At the point where I felt my home setup was “obsolete”, I then took the plunge onto GoDaddy dedicated servers, 2 of them at the time. One was for websites and ran Windows 2003 Server with IIS. The other was a mail server and each had DNS running on them so I didn’t have to depend on/pay for a third-party DNS provider.
GoDaddy dedicated servers ended up being the biggest mistake I ever made. They ran well for a while, but then a worm of some kind crawled around their internal network and came in through some backend they use to manage the servers. I had everything well locked down, all Windows sharing turned off, including unneeded admin shares (C$, etc.) and had the firewall pretty tight.

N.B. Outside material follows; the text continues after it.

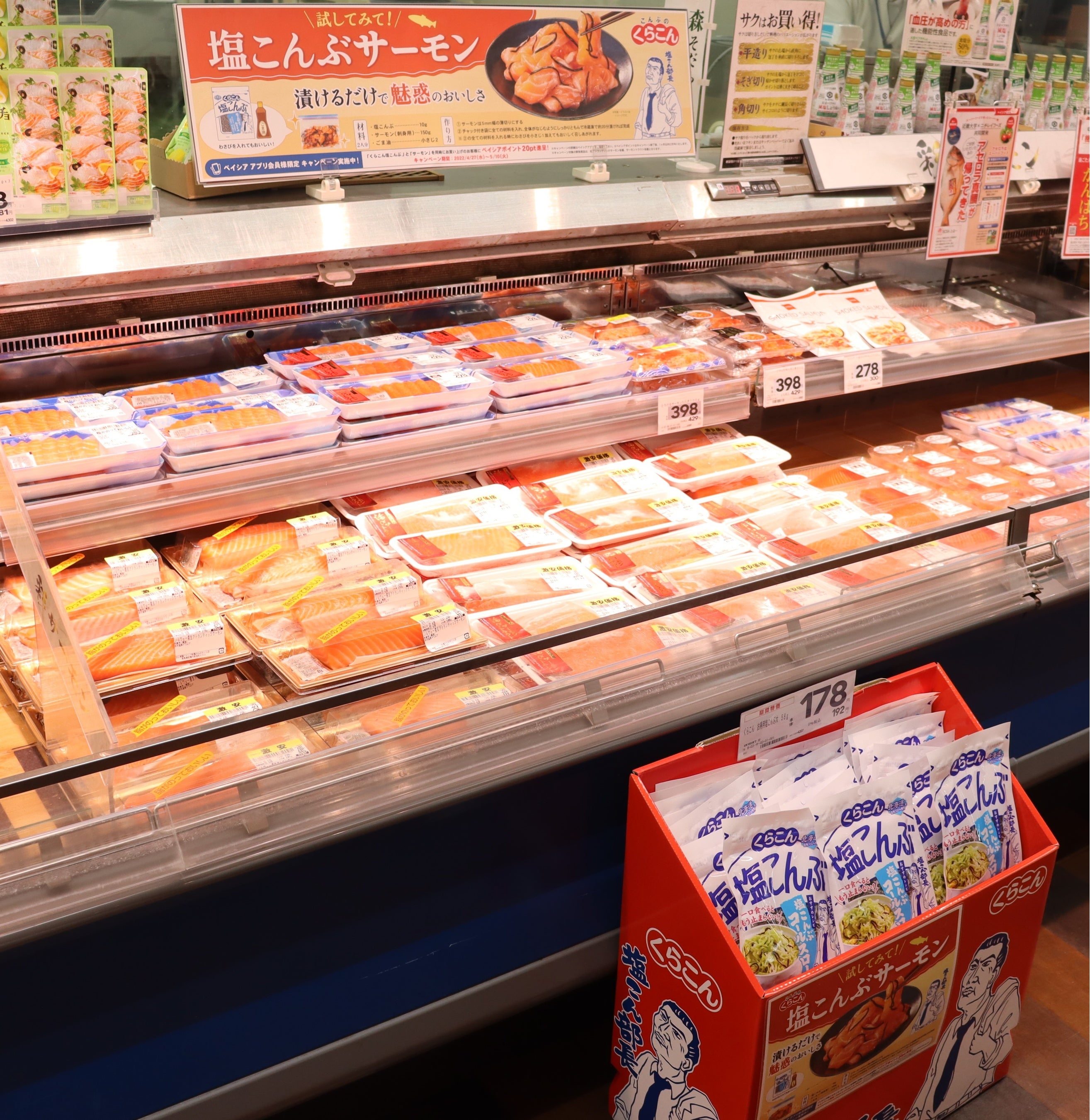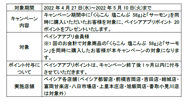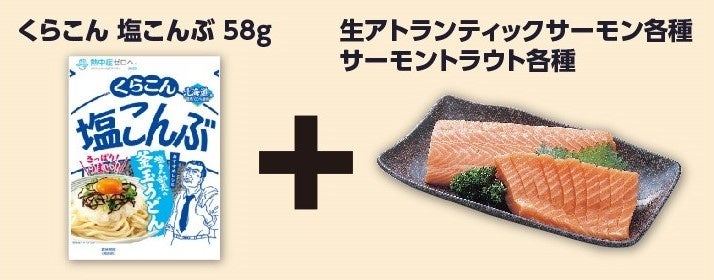 株式会社ベイシア(本社:群馬県前橋市、代表取締役社長:橋本浩英)は、4月27日(水)~5月10日(火)の期間で、ベイシアアプリ会員様限定企画として「くらこん 塩こんぶ 58g」と「サーモン」を同時購入したお客様を対象にアプリポイントをプレゼントするキャンペーンを実施いたします。キャンペーンを通して、「塩こんぶ×サーモン」のおいしさや手軽さを知っていただける売場販促やレシピ紹介も行います。ぜひ最強コラボをお試しください。

It took around 3 days to recover fully from the crash and even though the machines were virtually “destroyed”, I was fortunately able to FTP out all my customer data.
I moved most of my ASP & .NET sites over to a Windows 2008 Server here. Including email (SmarterMail), which I love, but with the limited space on a Windows VPS, it is quickly filling up with email (people rarely delete things when using IMAP). I still use Crystaltech and they’ve been very stable, but their cost is quite a bit higher than other virtual solutions.
After the GoDaddy crash, all my PHP sites moved to virtual servers running Ubuntu with a standard LAMP stack. Apache got old real quick. It required constant tuning. I explored many web servers to find one with better performance, at one time, I had three setup for ALL my virtualhosts where all I had to do was stop all the web daemons, change the config of the one I wanted to use to 80 and just start that one, bring up all my sites on a different daemon. I finally settled on Cherokee and have NEVER looked back.
Slicehost, in my opinion, had HUGE potential at one time (pre-Rackspace buyout). The support was phenomenal, everyone in the company was open and reachable. I many times talked to the founder via chat and email. But all of that went down the drain with Rackspace and all Slicehost’s offerings and prices went stagnant.
I recently cancelled Slicehost completely after getting a hard to access domain, whose DNS was hosted with Slicehost, to change their nameservers to Linode’s.
I’ve used a number of other minor providers from time to time that I won’t get too much into here. None of them seemed to be as “turnkey” as places like Linode and Slicehost when it came to the admin backend experience. They were either too complicated or did not even have some of the basics required for “full service” hosting.
Linode, so far (knock on wood), has been the best company I’ve ever done business with. Rock solid, great support at all hours, fast host servers, lots of datacenter locations, excellent control panel, iPhone app, etc. I can’t say enough to express my happiness with the service.
I currently host a number of VPS servers with them and have brought over a few clients onto their own server(s). We host everything from test servers to full production and even PBXs. All runs perfectly.
I will be a sad day in VPS hosting if Linode ever gets bought out by some mega hosting company like Rackspace.
To end this up, decentralization has been the best thing I have done and it is multi-faceted. I separated websites onto multiple, less expensive virtual servers, which prevent ALL my sites from going down when something happens to one of them. I’ve moved most of my clients to Google Apps for Domains, both business and standard, for email.
My uptime has dramatically improved, my customers are happier and that’s what matters.